You are viewing a plain text version of this content. The canonical link for it is here.
Posted to common-user@hadoop.apache.org by Dmitriy Ivanov <iv...@rsc.org> on 2013/03/07 04:57:57 UTC

Reading partitioned sequence file from hdfs throws filenotfoundexception

Hello,

I'm using hadoop 1.1.1 and run into unexpected complication with partitioned file. The file itself is the result of map-reduce task.

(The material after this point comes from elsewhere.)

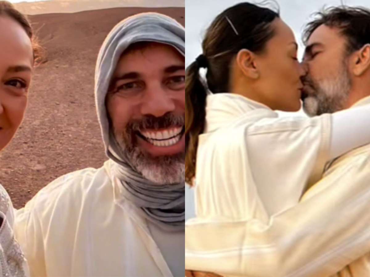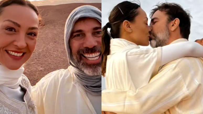 Ator Marcelo Faria e Thatiana Travassos escolheram o deserto no Marrocos como cenário do casamento; veja os registros

Here is code I'm using to read the file:

        try (SequenceFile.Reader reader = new SequenceFile.Reader(fs, path, conf)) {
                // skipped code.
        }

This is exception:

java.io.FileNotFoundException: File does not exist: /users/ivanovd/1.624be3e5-5932-468d-9ce4-f73078836936.cvsp
        at org.apache.hadoop.hdfs.DFSClient$DFSInputStream.fetchLocatedBlocks(DFSClient.java:1975)
        at org.apache.hadoop.hdfs.DFSClient$DFSInputStream.openInfo(DFSClient.java:1944)
        at org.apache.hadoop.hdfs.DFSClient$DFSInputStream.<init>(DFSClient.java:1936)
        at org.apache.hadoop.hdfs.DFSClient.open(DFSClient.java:731)
        at org.apache.hadoop.hdfs.DistributedFileSystem.open(DistributedFileSystem.java:165)
        at org.apache.hadoop.io.SequenceFile$Reader.openFile(SequenceFile.java:1499)
        at org.apache.hadoop.io.SequenceFile$Reader.<init>(SequenceFile.java:1486)
        at org.apache.hadoop.io.SequenceFile$Reader.<init>(SequenceFile.java:1479)
        at org.apache.hadoop.io.SequenceFile$Reader.<init>(SequenceFile.java:1474)
        at HadoopTask.exportResults(HadoopTask.java:163)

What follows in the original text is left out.